GPU Memory Limit issue
Currently running into GPU memory issues whilst trying to predict protein structure with the following traceback:
boltz predict TEST_PROTEIN.fasta --use_msa_server
Checking input data.
All inputs are already processed.
Using bfloat16 Automatic Mixed Precision (AMP)
GPU available: True (cuda), used: True
TPU available: False, using: 0 TPU cores
HPU available: False, using: 0 HPUs
/home/antigenteam/miniconda3/lib/python3.12/site-packages/pytorch_lightning/trainer/connectors/logger_connector/logger_connector.py:76: Starting from v1.9.0, tensorboardX has been removed as a dependency of the pytorch_lightning package, due to potential conflicts with other packages in the ML ecosystem. For this reason, logger=True will use CSVLogger as the default logger, unless the tensorboard or tensorboardX packages are found. Please pip install lightning[extra] or one of them to enable TensorBoard support by default
Running structure prediction for 1 input.
/home/antigenteam/miniconda3/lib/python3.12/site-packages/pytorch_lightning/utilities/migration/utils.py:56: The loaded checkpoint was produced with Lightning v2.5.0.post0, which is newer than your current Lightning version: v2.5.0
You are using a CUDA device ('NVIDIA GeForce RTX 4080 Laptop GPU') that has Tensor Cores. To properly utilize them, you should set torch.set_float32_matmul_precision('medium' | 'high') which will trade-off precision for performance. For more details, read https://pytorch.org/docs/stable/generated/torch.set_float32_matmul_precision.html#torch.set_float32_matmul_precision
LOCAL_RANK: 0 - CUDA_VISIBLE_DEVICES: [0]
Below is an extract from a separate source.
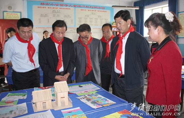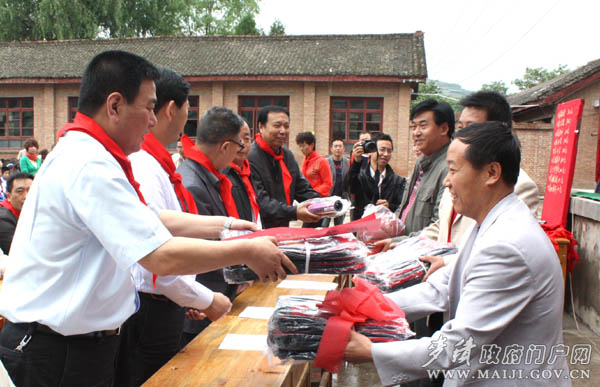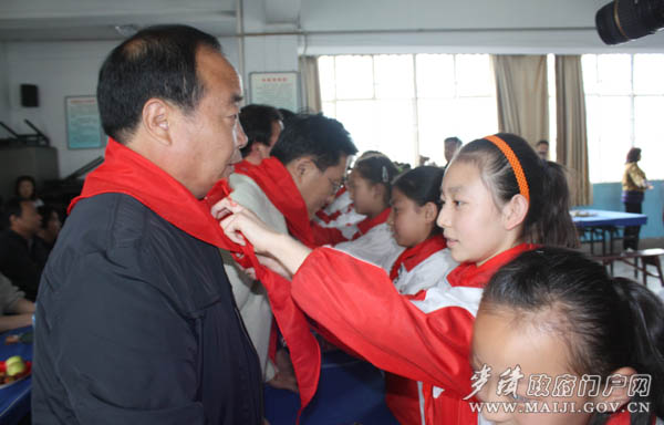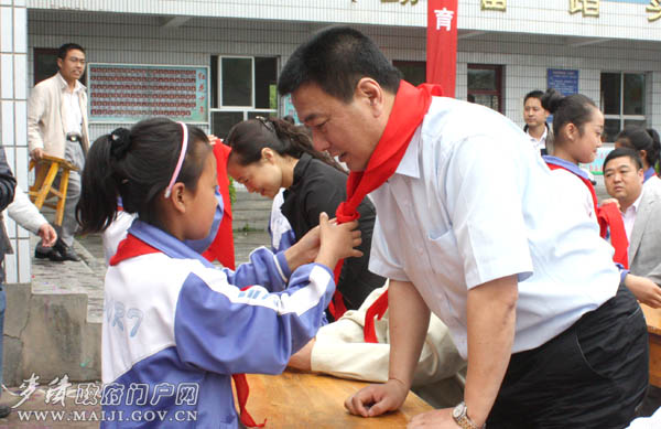 少先队员为麦积区委书记蒲军佩戴红领巾
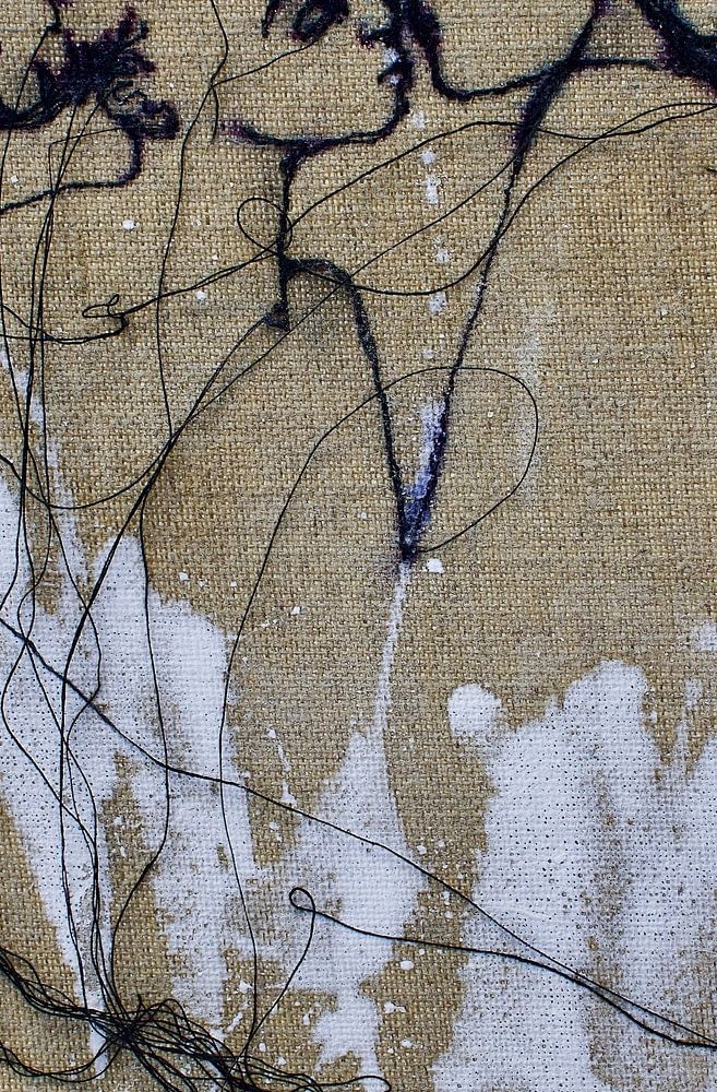 Der schwarze Faden spielt die Hauptrolle in meinen Werken, inspiriert von den Momenten des Lebens, hoffe ich, dem Betrachter einen Moment oder ein Gefühl des Wiedererkennens zu geben, eine innere Erfahrung, etwas, das einen in seine eigenen Gedanken wandern lässt. Meine losen Fäden stehen für Wachstum & Veränderung. Diese bewegen sich mit Wärme & Wind & können nach eigenem Empfinden auf die Leinwand gelegt werden. Ich liebe das Reine, die Materie & die Textur.

Predicting DataLoader 0: 0%| | 0/1 [00:00<?, ?it/s]| WARNING: ran out of memory, skipping batch
Predicting DataLoader 0: 100%|███████████████████████████████████████████████████████████████████████████████████████████████████████████████████████████████████████████████████████████████████████████████████████████████████████████████████████| 1/1 [00:01<00:00, 0.56it/s]Number of failed examples: 1
Predicting DataLoader 0: 100%|███████████████████████████████████████████████████████████████████████████████████████████████████████████████████████████████████████████████████████████████████████████████████████████████████████████████████████| 1/1 [00:01<00:00, 0.56it/s]
Monitoring GPU memory I see the GPU memory spikes to 100% whilst running the first step. Is there a way to limit the memory required to avoid this?